**RECORDS FOR THE TASK:**
::::

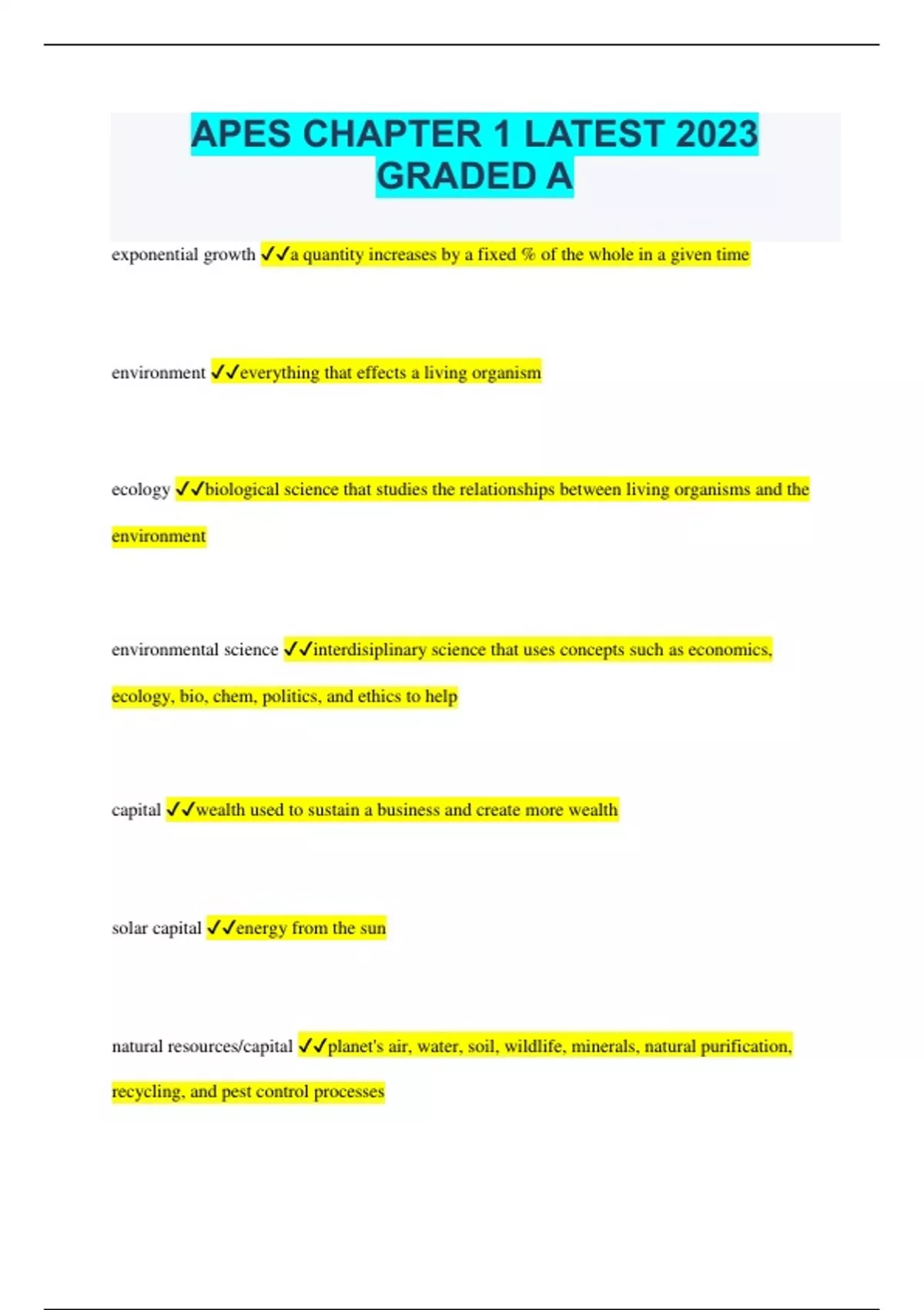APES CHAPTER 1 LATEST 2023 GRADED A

::::

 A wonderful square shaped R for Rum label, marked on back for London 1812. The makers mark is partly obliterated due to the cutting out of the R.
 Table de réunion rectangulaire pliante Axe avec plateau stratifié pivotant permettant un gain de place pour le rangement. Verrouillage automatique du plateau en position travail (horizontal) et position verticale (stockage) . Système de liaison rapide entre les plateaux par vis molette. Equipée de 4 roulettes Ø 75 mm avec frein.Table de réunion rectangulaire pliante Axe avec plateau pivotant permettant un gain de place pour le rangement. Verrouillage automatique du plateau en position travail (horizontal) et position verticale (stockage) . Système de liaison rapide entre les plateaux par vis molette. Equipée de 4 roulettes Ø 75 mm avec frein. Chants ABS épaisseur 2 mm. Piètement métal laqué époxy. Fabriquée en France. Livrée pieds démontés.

::::

**EXERCISE DIRECTIONS:** Your answer should be the exact lines above from the one with "A wonderful square" through the one with "Livrée pieds démontés.", both included, and nothing besides.

**ANSWER TO THE PROBLEM:**
 A wonderful square shaped R for Rum label, marked on back for London 1812. The makers mark is partly obliterated due to the cutting out of the R.
 Table de réunion rectangulaire pliante Axe avec plateau stratifié pivotant permettant un gain de place pour le rangement. Verrouillage automatique du plateau en position travail (horizontal) et position verticale (stockage) . Système de liaison rapide entre les plateaux par vis molette. Equipée de 4 roulettes Ø 75 mm avec frein.Table de réunion rectangulaire pliante Axe avec plateau pivotant permettant un gain de place pour le rangement. Verrouillage automatique du plateau en position travail (horizontal) et position verticale (stockage) . Système de liaison rapide entre les plateaux par vis molette. Equipée de 4 roulettes Ø 75 mm avec frein. Chants ABS épaisseur 2 mm. Piètement métal laqué époxy. Fabriquée en France. Livrée pieds démontés.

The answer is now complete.